* YOUR TASK
Below is a listing. Copy each line of it that holds the word "under".

* EXERCISE MATERIALS
>>

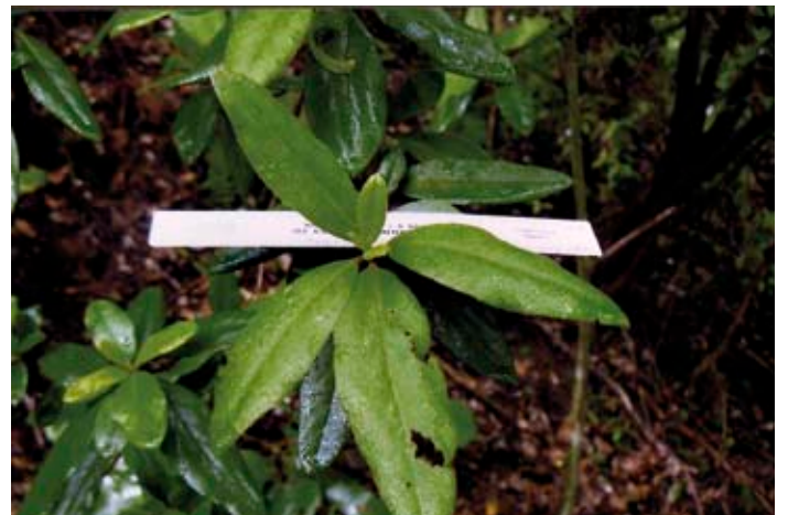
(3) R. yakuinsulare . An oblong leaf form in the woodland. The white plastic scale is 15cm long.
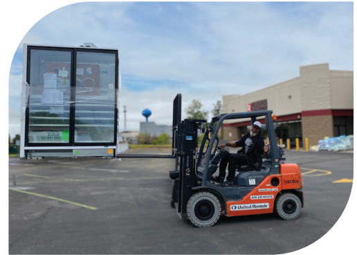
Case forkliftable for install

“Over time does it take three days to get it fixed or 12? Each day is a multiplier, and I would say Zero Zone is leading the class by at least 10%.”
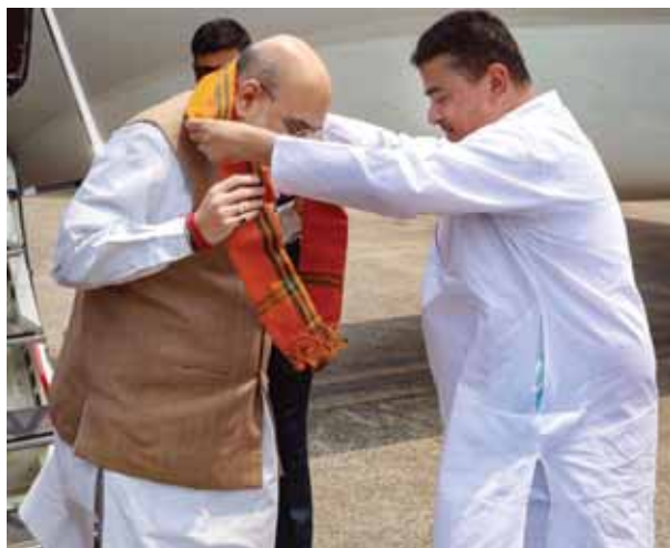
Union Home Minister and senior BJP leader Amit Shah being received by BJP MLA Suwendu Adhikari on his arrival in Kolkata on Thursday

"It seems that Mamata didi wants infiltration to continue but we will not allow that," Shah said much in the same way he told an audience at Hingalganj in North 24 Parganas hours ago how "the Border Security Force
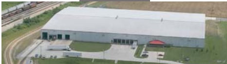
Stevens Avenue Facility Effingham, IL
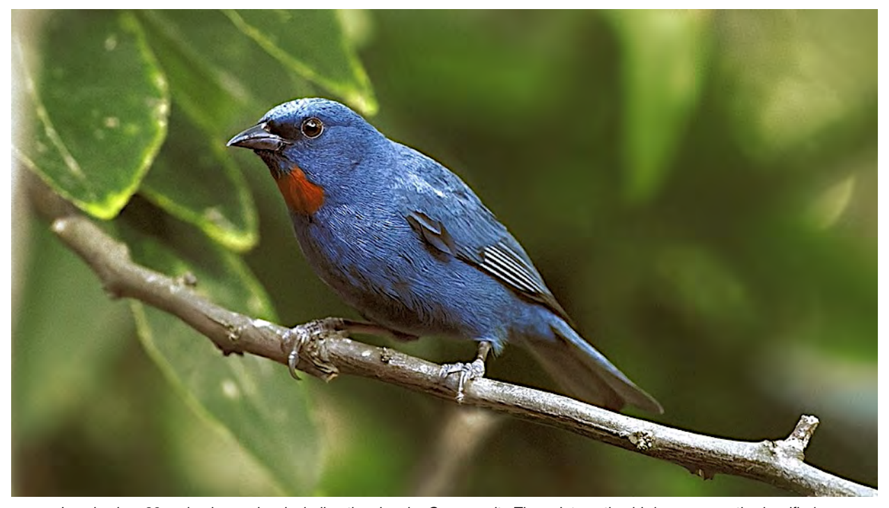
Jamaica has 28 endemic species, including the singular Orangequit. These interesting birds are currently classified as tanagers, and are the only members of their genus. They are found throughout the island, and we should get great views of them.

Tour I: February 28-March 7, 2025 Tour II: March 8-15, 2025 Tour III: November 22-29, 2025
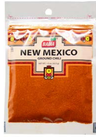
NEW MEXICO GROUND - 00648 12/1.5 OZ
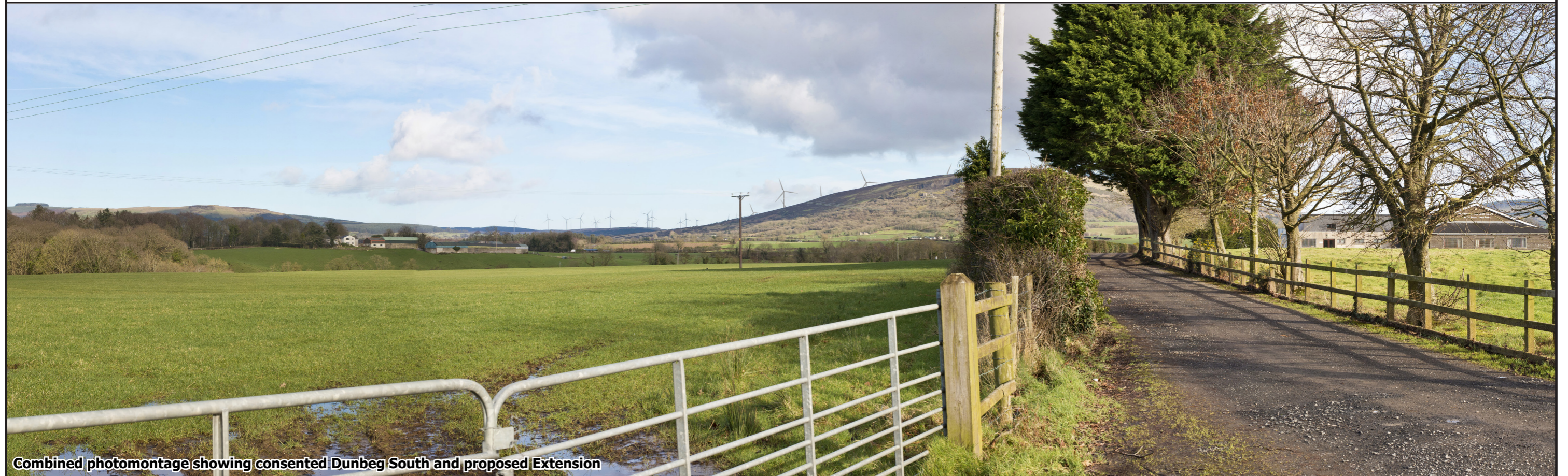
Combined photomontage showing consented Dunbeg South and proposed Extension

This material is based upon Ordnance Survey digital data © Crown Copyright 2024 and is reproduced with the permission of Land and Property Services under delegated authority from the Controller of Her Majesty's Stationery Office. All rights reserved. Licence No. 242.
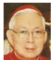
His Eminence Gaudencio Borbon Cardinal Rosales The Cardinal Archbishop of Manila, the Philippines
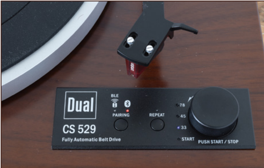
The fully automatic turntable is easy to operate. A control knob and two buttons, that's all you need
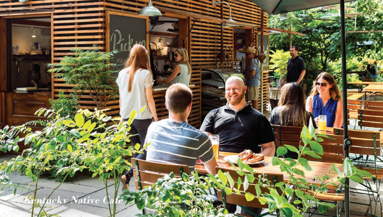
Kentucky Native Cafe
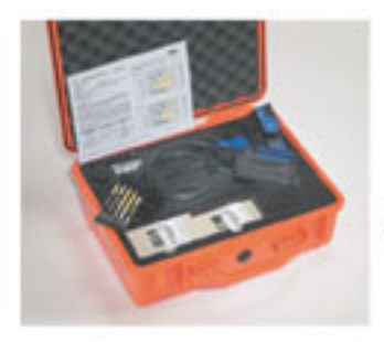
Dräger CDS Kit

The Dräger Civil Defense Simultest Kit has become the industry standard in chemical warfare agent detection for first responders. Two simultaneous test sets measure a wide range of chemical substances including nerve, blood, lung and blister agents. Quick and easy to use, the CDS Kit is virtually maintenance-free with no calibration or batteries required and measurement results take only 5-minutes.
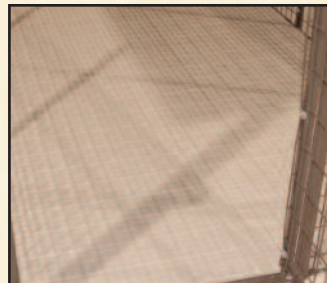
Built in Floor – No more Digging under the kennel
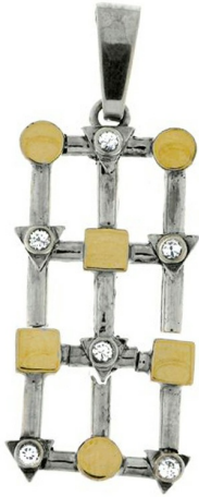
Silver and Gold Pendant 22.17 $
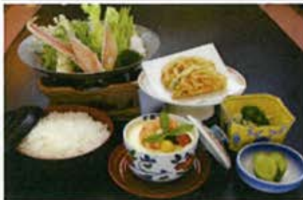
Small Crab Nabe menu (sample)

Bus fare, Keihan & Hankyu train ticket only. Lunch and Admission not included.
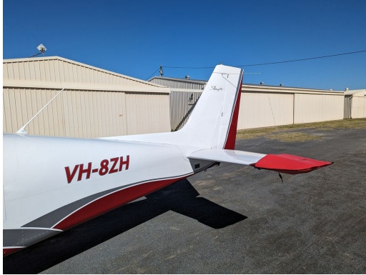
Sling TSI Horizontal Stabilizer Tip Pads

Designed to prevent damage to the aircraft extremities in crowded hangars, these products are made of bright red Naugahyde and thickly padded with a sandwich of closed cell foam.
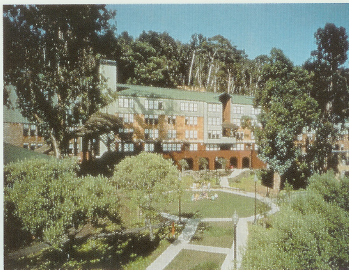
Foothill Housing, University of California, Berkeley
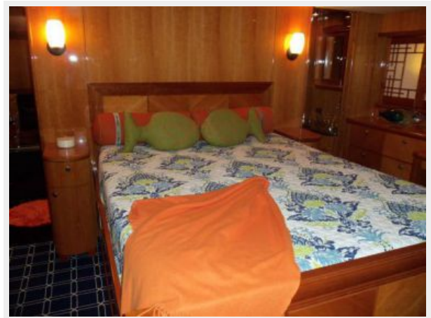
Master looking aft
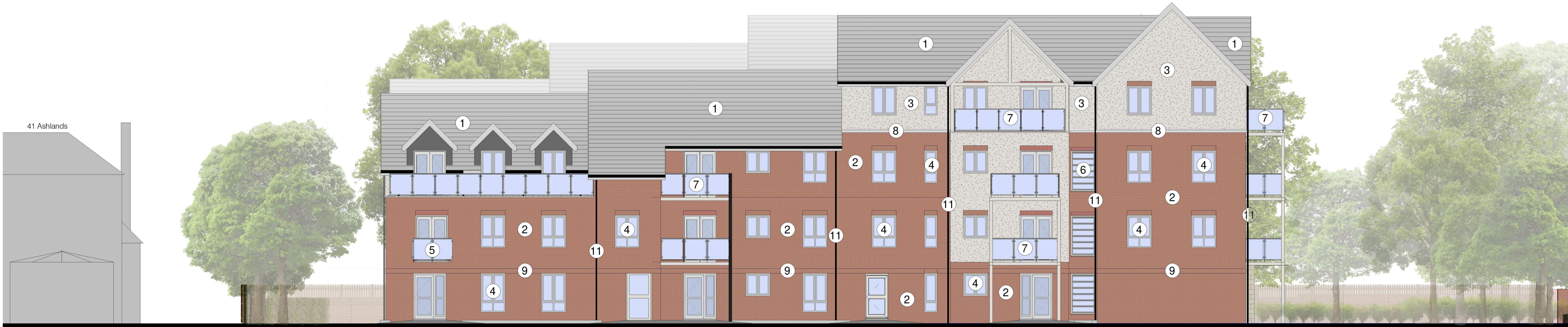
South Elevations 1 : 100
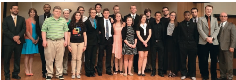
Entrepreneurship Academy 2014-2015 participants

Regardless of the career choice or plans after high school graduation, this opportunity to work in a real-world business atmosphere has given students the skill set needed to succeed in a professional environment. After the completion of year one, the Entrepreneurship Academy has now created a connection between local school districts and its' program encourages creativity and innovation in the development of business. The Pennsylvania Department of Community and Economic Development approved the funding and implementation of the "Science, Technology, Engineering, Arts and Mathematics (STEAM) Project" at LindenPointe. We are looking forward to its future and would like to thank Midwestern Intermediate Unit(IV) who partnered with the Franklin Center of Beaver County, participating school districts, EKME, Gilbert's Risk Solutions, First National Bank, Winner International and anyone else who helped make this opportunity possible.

<<
>>

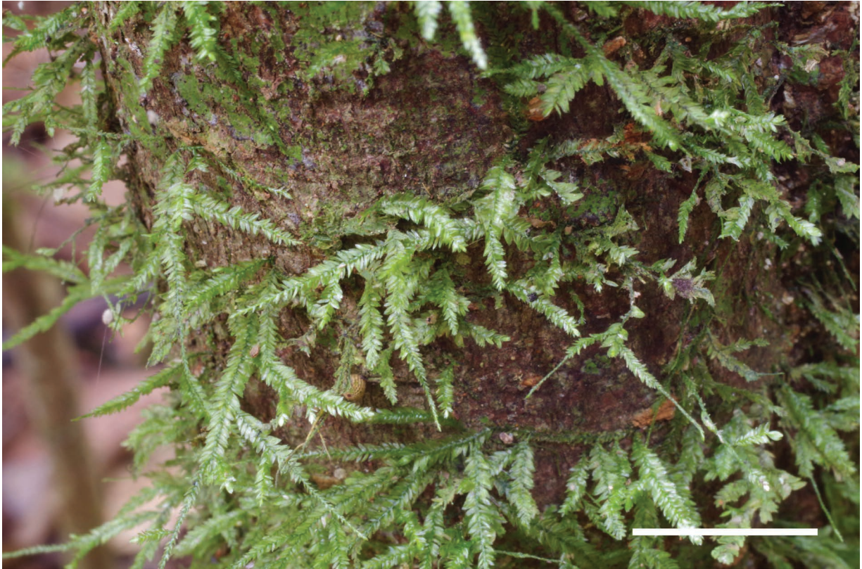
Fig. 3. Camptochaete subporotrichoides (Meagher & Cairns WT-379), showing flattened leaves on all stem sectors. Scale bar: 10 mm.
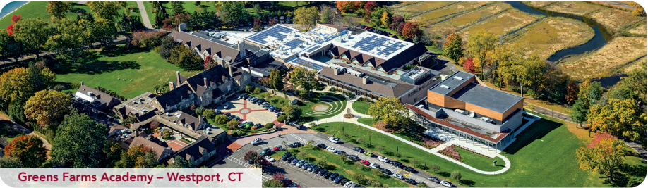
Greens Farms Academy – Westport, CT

<<

* FINISHED TASK
This material is based upon Ordnance Survey digital data © Crown Copyright 2024 and is reproduced with the permission of Land and Property Services under delegated authority from the Controller of Her Majesty's Stationery Office. All rights reserved. Licence No. 242.
Built in Floor – No more Digging under the kennel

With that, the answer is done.